For instance, understandably, in 2020, DIY was at its peak, with increases in searches for “DIY facemasks”, “DIY decking” and “DIY garden ideas”. For those who had recognised the trend early on, they had the chance to shift their offerings and marketing in accordance, in turn really reaping the rewards.
So, paying attention to data certainly does pay off. And thanks to smarter and more sophisticated ways of collecting data online, such as cookies, and through AI and machine learning technologies, the value and use of such information is only likely to increase.
The future, therefore, looks bright.

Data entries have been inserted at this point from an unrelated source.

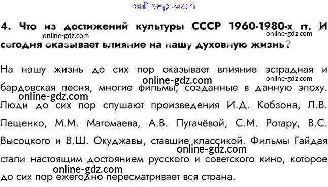 Готовые домашние задания по Истории за 11 класс Учебник Загладин, Петров Инновационная школа Базовый уровень 2014 - Вопросы и задания §46. Наука, литература и искусство. Спорт. 1960-1980-е гг. 4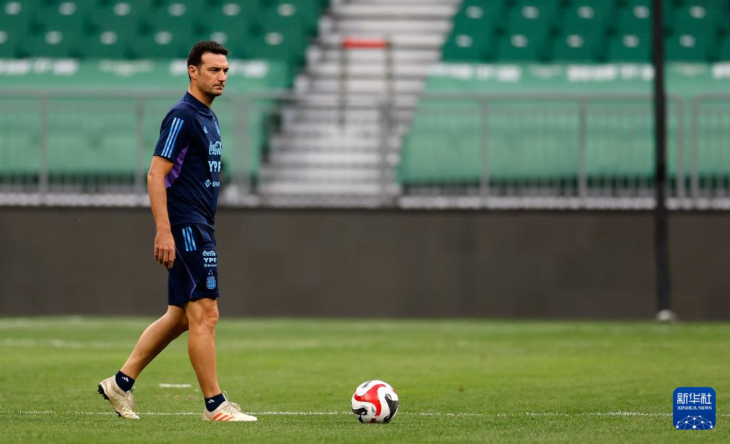 6月14日,阿根廷队主教练斯卡洛尼在训练中。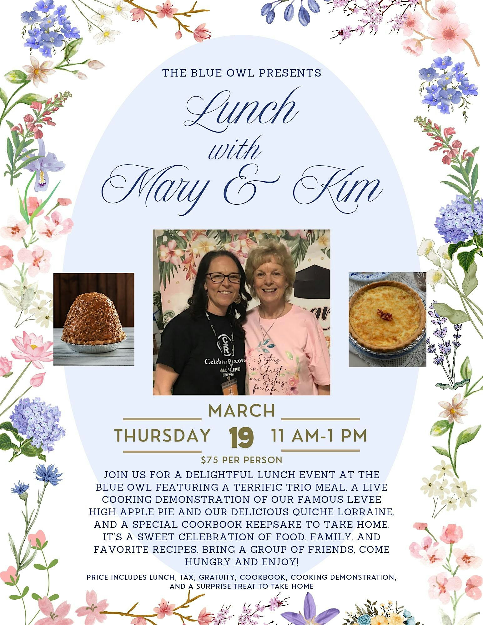 Lunch with Kim and Mary- An Exclusive Blue Owl Experience at The Blue Owl Restaurant & Bakery – Kimmswick, MO Lunch with Kim and Mary- An Exclusive Blue Owl Experience at The Blue Owl Restaurant & Bakery – Kimmswick, MO 1 1 people viewed this event. Lunch with Kim & Mary – An Exclusive Blue Owl Experience Ticket includes lunch, tip, tax, cookbook, cooking demonstrations, and dessert Tickets-RSVP Link Register for event Date And Time Thursday, March 19th, 2026 @ 11:00 AM Location 6116 2nd Street, Kimmswick, MO 63053 Event Types Dinner or GalaFood & Drink Event Category Missouri Share With Friends Facebook Twitter Linkedin Xing Pinterest

But even with all this potential at our fingertips, there are a number of issues businesses may face if their approach relies entirely on a data and insight-driven approach. Just like disregarding its power and potential can be damaging, so can using it as the sole basis upon which important decisions are based.
While the value of data for understanding the market and consumer patterns is undeniable, its value is only as rich as the quality of data being inputted. So, if businesses are collecting and analysing their data on their own activity, and then using this to draw meaningful insight, there should be strong focus on the data gathering phase, with attention given to what needs to be collected, why it should be collected, how it will be collected, and whether in fact this is an accurate representation of what it is you are trying to monitor or measure.

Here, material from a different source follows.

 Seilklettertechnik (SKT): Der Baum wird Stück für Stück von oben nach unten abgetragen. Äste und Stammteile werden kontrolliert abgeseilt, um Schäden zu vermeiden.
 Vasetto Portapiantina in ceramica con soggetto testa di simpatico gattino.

Human error can become an issue when this is done by individuals or teams who do not completely understand the numbers and patterns they are seeing. There is also an obstacle presented when there are various channels and platforms which are generating leads or sales for the business. In this case, any omission can skew results and provide an inaccurate picture. So, when used in decision making, there is the possibility of ineffective and unsuccessful changes.
But while data gathering becomes more and more autonomous, the possibility of human error is lessened. Although, this may add fuel to the next issue.
Drawing a line
The benefits of data and insights are clear, particularly as the tasks of collection and analysis become less of a burden for businesses and their people thanks to automation and AI advancements. But due to how effortless data collection and analysis is becoming, we can only expect more businesses to be doing it, meaning its ability to offer each individual company something unique is also being lessened.

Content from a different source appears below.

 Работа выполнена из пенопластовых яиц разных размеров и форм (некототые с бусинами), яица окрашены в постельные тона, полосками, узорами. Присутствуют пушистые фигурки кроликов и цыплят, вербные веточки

So, businesses need to look elsewhere for their edge. And interestingly, this is where a line should be drawn and human judgement should be used in order to set them apart from the competition and differentiate from what everyone else is doing.
It makes perfect sense when you think about it. Your business is unique for a number of reasons, but mainly because of the brand, its values, reputation and perceptions of the services you are upheld by. And it’s usually these aspects that encourage consumers to choose your business rather than a competitor.
But often, these intangible aspects are much more difficult to measure and monitor through data collection and analysis, especially in the autonomous, number-driven format that many platforms utilise.
Here then, there is a great case for businesses to use their own judgements, expertise and experiences to determine what works well and what does not. For instance, you can begin to determine consumer perceptions towards a change in your product or services, which quantitative data may not be able to pick up until much later when sales figures begin to rise or fall. And while the data will eventually pick it up, it might not necessarily be able to help you decide on what an appropriate alternative solution may be, should the latter occur.
Human judgement, however, can listen to and understand qualitative feedback and consumer sentiments which can often provide much more meaningful insights for businesses to base their decisions on.
So, when it comes to competitor analysis, using insights generated from figure-based data sets and performance metrics is key to ensuring you are doing the same as the competition.
But if you are looking to get ahead, you may want to consider taking a human approach too.